**Task to carry out**:
Repeat the lines below exactly as written, please, from the line with "Hoen & Co. v1" to the line with "30. Pereche de", both lines included, and no others.

**Entries provided**:
·····

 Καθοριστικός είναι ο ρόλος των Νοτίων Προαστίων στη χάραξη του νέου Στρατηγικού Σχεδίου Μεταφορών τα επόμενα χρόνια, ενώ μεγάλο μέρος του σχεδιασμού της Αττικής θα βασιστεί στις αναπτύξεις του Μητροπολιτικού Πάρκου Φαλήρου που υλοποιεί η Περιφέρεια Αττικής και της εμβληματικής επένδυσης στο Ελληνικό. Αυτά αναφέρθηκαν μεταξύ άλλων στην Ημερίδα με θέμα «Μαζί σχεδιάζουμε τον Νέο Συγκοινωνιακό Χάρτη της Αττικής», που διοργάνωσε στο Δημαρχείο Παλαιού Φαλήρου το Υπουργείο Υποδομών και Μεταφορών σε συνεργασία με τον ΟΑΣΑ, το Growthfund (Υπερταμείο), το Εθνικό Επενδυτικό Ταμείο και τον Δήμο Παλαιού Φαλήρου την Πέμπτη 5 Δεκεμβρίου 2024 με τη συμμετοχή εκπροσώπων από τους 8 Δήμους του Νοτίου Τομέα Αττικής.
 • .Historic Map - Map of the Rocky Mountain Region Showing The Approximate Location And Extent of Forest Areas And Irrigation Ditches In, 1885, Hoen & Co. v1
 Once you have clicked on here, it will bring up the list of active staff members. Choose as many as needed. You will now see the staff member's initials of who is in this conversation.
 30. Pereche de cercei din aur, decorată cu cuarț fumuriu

·····

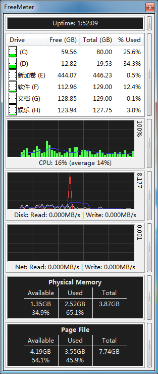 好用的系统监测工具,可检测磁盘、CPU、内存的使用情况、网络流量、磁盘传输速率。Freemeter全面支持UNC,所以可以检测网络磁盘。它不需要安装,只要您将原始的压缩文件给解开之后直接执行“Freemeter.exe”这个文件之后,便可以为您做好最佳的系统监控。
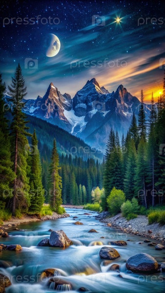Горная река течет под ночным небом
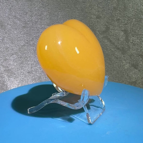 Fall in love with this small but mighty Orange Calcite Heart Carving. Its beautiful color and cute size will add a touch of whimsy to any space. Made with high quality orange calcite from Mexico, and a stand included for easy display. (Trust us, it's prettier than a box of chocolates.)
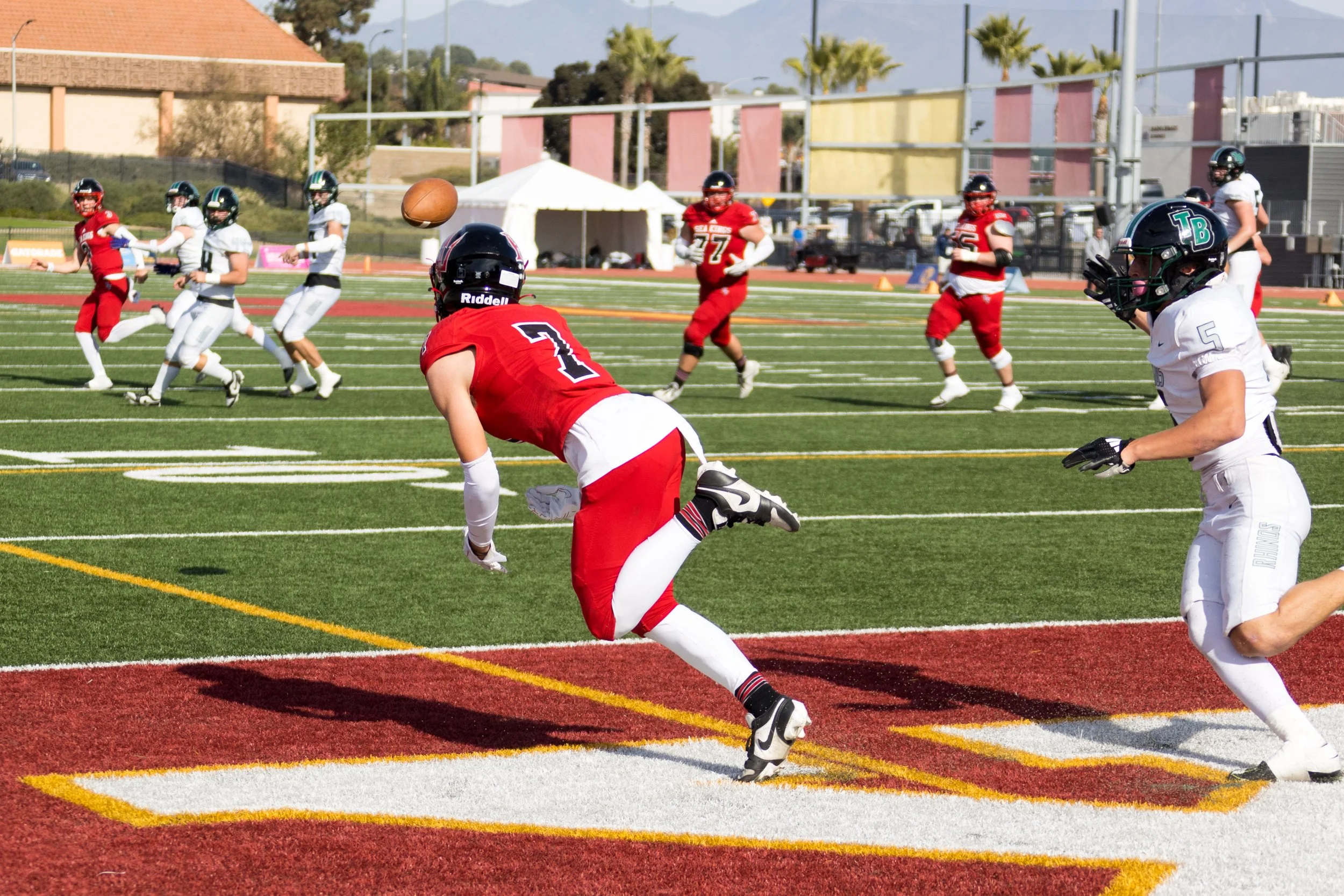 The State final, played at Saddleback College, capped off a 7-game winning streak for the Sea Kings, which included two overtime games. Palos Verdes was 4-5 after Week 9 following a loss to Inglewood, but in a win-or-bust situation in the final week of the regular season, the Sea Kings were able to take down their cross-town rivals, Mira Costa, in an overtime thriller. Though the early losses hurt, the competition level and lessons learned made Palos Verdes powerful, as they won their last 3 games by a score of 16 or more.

·····

**Response to the task**:
 • .Historic Map - Map of the Rocky Mountain Region Showing The Approximate Location And Extent of Forest Areas And Irrigation Ditches In, 1885, Hoen & Co. v1
 Once you have clicked on here, it will bring up the list of active staff members. Choose as many as needed. You will now see the staff member's initials of who is in this conversation.
 30. Pereche de cercei din aur, decorată cu cuarț fumuriu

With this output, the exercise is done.